Military air strikes on a mosque killed seven civilians Monday in Jaar, an al-Qaida stronghold town in the southern Yemeni province of Abyan, a local official said.
"The Yemeni air force accidentally shelled a mosque in Jaar, killing seven people and wounding five others," the official told Agence France Presse, on condition of anonymity.

Forty Israeli passengers on a Turkish flight to Istanbul were held for an hour and a half upon arrival and questioned before being released, the Israeli foreign ministry said on Monday.
The incident came as tensions between the former allies reached new heights over a deadly May 2010 Israeli raid on a flotilla of ships that left nine Turkish citizens dead.

Syrian troops and security forces on Monday launched an assault on the central cities of Hama and Homs, where they shot dead six people, activists said, while at least two were reported killed near the Turkish border.
"More than 30 military vehicles and security forces raided Hama this morning and heavy gunfire was heard in the city," Omar Idlibi, spokesman of the Local Coordination Committees (LCC), told Agence France Presse by telephone.

The trial of Hosni Mubarak and his two sons' trial was postponed on Monday after the prosecution and defense lawyers clashed in the court room.
Dozens of the ousted Egyptian president's supporters and opponents clashed near the Cairo court before he arrived on a stretcher.

Qatar's Emir Sheikh Hamad bin Khalifa al-Thani said Monday that Syrians are determined to keep protesting against President Bashar Assad's regime despite a deadly crackdown.
"The killing is nearly daily. But it's clear that the Syrian people will not turn back on their demands," Sheikh Hamad told pan-Arab news channel al-Jazeera.

Palestinian Prime Minister Salam Fayyad on Monday said the Israeli government bore "full responsibility" for an arson attack on a mosque in the northern West Bank.
"The Israeli government bears full responsibility for these attacks against our people, property and sacred places," Fayyad said in a statement issued several hours after burning tires were rolled into the ground floor of a mosque in Qusra village, some 15 kilometers (12 miles) southeast of Nablus.

Iran's elite Revolutionary Guards have killed 22 rebels of the Party of Free Life of Kurdistan (PJAK) in a new offensive along the northwestern border with Iraq, state television reported on Monday.
"Twenty-two PJAK rebels were killed in the new Guards operations in Sardasht Heights, and another 27 rebels have been wounded," the report said.

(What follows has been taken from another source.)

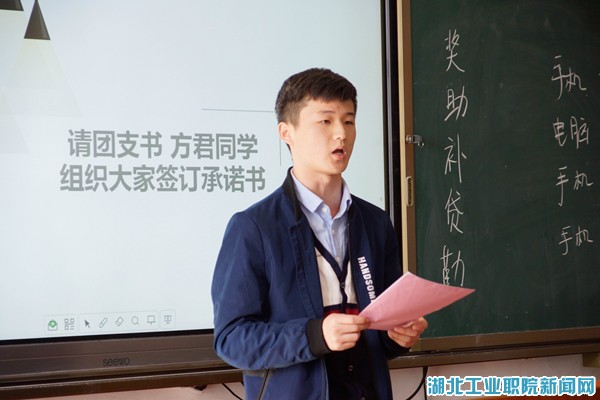 整场班会以现场直播的方式进行。主讲老师曲杉从现场提问和前期校园关于“消费”的调研视频开始,引导员工要树立正确的消费观念,不要盲目攀比,不要超前消费,不要迷恋网络赌博,在源头上杜绝非法校园贷。随后,课程采取线上线下互动的方式,由同学们分享他们所知道的非法校园贷的各种表现形式和案例,引发了在场员工的热烈讨论和场外员工的积极参与。曲杉告诫同学们在防范非法校园贷方面要做到“六要六不要”,同时也提醒大家公司在奖、助、补、贷等方面的政策。在班干部的带领下,全班同学集体签署防范非法校园贷承诺书。

The Palestinians will not be deterred from seeking United Nations membership, a senior official said in Ramallah Sunday, after reports Washington was trying to head off their bid.
"The Palestinians are going to the U.N. Security Council to ask for recognition for the state of Palestine on the 1967 borders ... and there is no turning back or other choice than this one," said leading Palestinian official Nabil Shaath.

The BRICS group of emerging powers are determined not to allow a Libyan-style solution to the crisis in Syria, Russia's Foreign Minister Sergei Lavrov said Sunday.
"If it's up to the BRICS, the Libyan scenario won't be repeated," Russian news agencies quoted Lavrov as saying in a joint press conference with his Brazilian counterpart Antonio Patriota.

Negotiations for the surrender of Moammar Gadhafi’s forces in the Libyan town of Bani Walid have failed and will not resume, the chief negotiator for the National Transitional Council said Sunday.
"I am leaving the military commander to resolve the problem," Abdullah Kenshil said when asked if an attack would now be launched on the town southeast of Tripoli where at least one of Gadhafi’s sons is reputed to be hiding.